Senator Ron Wyden And Other Democrats Unite on “Hardrock Mining Act”
Martin Heinrich and Sen.
Michael Bennett, a Democrat from Colorado, and U.S. Rep. Ben Ray Lujan, a Democrat from New Mexico staged a press conference early Thursday to unveil the Hardrock Mining and Reclamation Act of 2015.
The proposed legislation – the Hardrock Mining and Reclamation Act of 2015 – will make mining companies pay royalties for extracting resources from public lands. Rep. Luján is a cosponsor of House Resolution 963, similar legislation that has been introduced in the House of Representatives.
Those royalties, and an abandoned mine reclamation fee from 0.6 percent to 2 percent on both new and existing mines, would be deposited into the cleanup fund. “Coal, oil and gas companies have paid royalties for many decades”.
Congressional Democrats are proposing new fees for mining on federal land to pay for cleaning up sites like Colorado’s inactive Gold King Mine, where 3 million gallons of wastewater spilled into rivers in three states.
In Lincoln County, a few residents living near a mining operation on patented land within the Lincoln National Forest are complaining about noise, vibration and other negative impacts from a lead ore mine north of Capitan.

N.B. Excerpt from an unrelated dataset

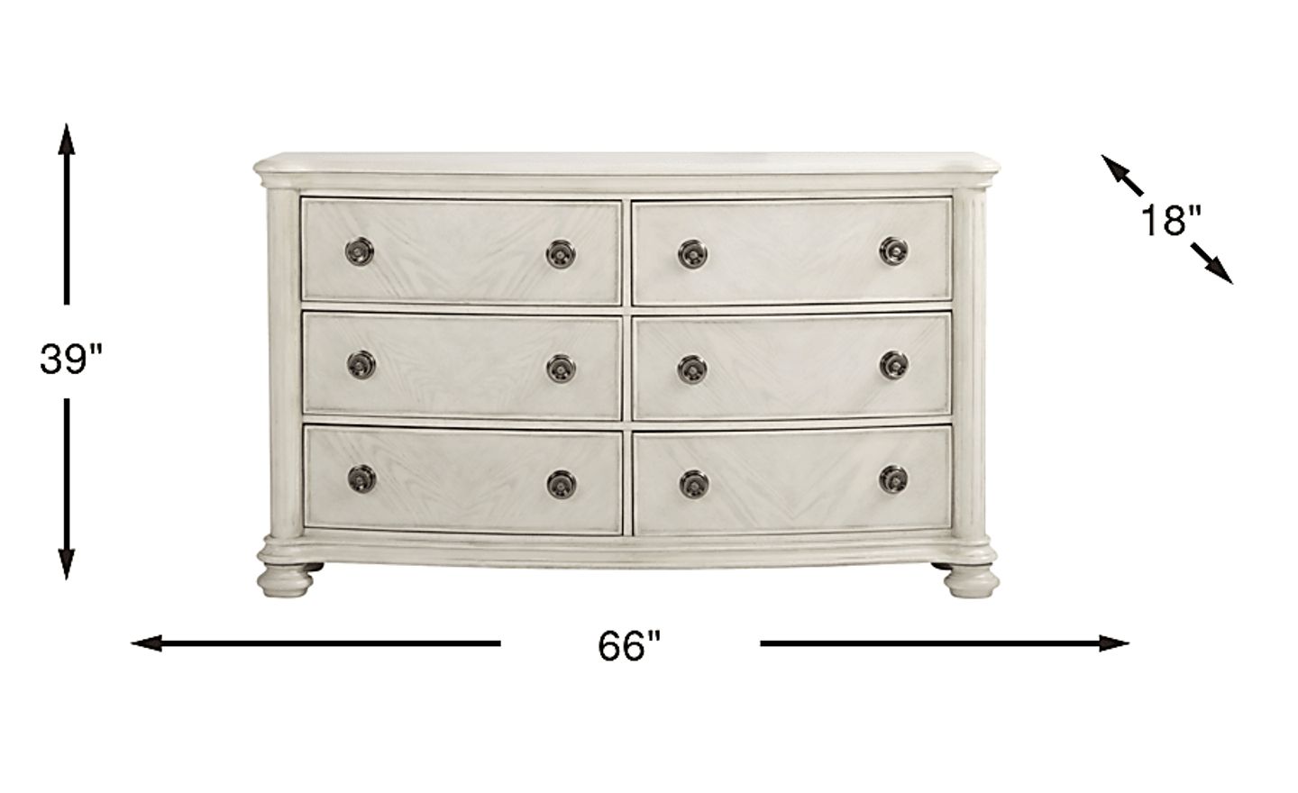 The stately design and ample storage room of the Anastasia dresser offer a perfect haven for your clothing and personal items. It's crafted of oak veneers with a white lacquer finish and features transitional inspired turned feet. Style elements include metal hardware with an intricate knob pattern and a brushed finish for an antique inspired look.
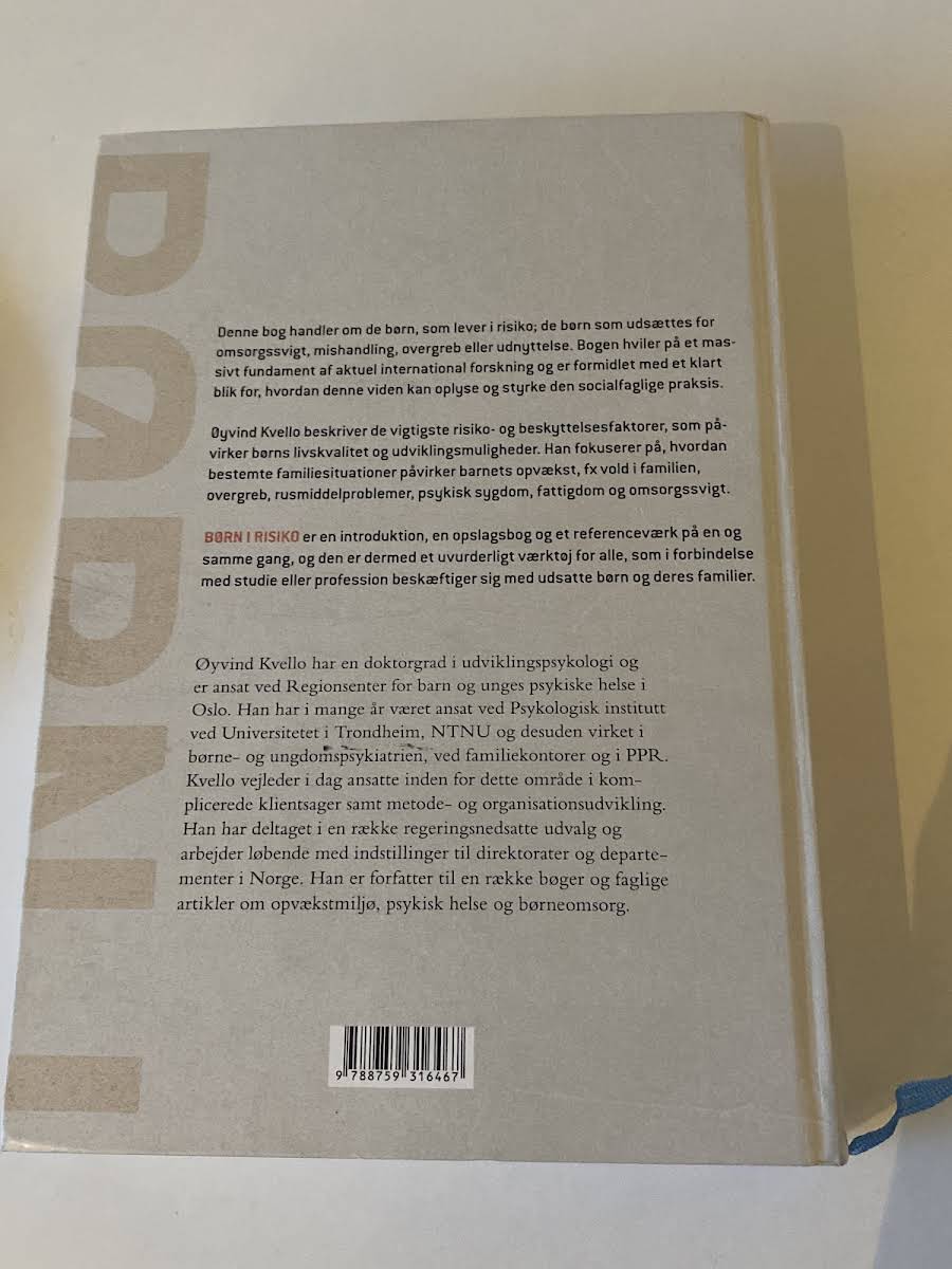 "Børn i risiko" giver et indsigtsfuldt blik på de udfordringer, som udsatte børn møder, når de lever under forhold præget af omsorgssvigt, mishandling, overgreb og fattigdom. Øyvind Kvello trækker på en solid international forskningsbase og præsenterer på en klar og struktureret måde, hvordan forskellige familiesituationer og samfundsmæssige forhold kan påvirke børns udvikling og livskvalitet. Bogen fungerer som et uvurderligt redskab for praktikere og studerende, der arbejder med udsatte børn og familier. Med fokus på både risikofaktorer og beskyttende elementer tilbyder "Børn i risiko" en dybdegående analyse af, hvordan et barns opvækst og omgivelser kan forme dets fremtid. Denne omhyggeligt dokumenterede tilgang gør bogen til en central inspirationskilde og et vigtigt bidrag til arbejdet med socialfaglig praksis.

The funds collected from the royalties would be used to clean up abandoned mines and deter future spills. Sen.
Republicans proposed a Good Samaritan bill earlier this week in response to the Gold King spill, and Sen.
This legislation would require a 2 percent to 5 percent royalty rate for all new mining operations.
“The current mining laws date back to when the West was first being settled and we’re still giving away land to multimillion-dollar mining companies”, Udall said in a call with reporters Thursday. Gold and silver on public lands are a natural resource, just like oil and gas. “Mining has been intrinsically linked to our history, economy, development and culture, but it’s also left scars across Colorado and other states”. More than 200 mines in Colorado are leaking acid mine drainage that is polluting headwaters and affecting water quality for communities downstream.
“The Gold King mine is part of a larger problem – the accident should be a wakeup call to Congress about the dangers we face”, Udall said, adding that thousands of abandoned mines are “ticking time bombs” that could cause more hazardous waste spills.
This reform is a way to address that issue, he said. They said they could not estimate how much would come from royalties.
“Right now, huge multinational mining companies can extract gold, silver and other valuable hardrock minerals that belong to American taxpayers without paying a dime under a mining law passed when Ulysses S. Grant was President”, Markey said. And it would not be in anybody’s interest to tie good Samaritan legislation to mining law reforms.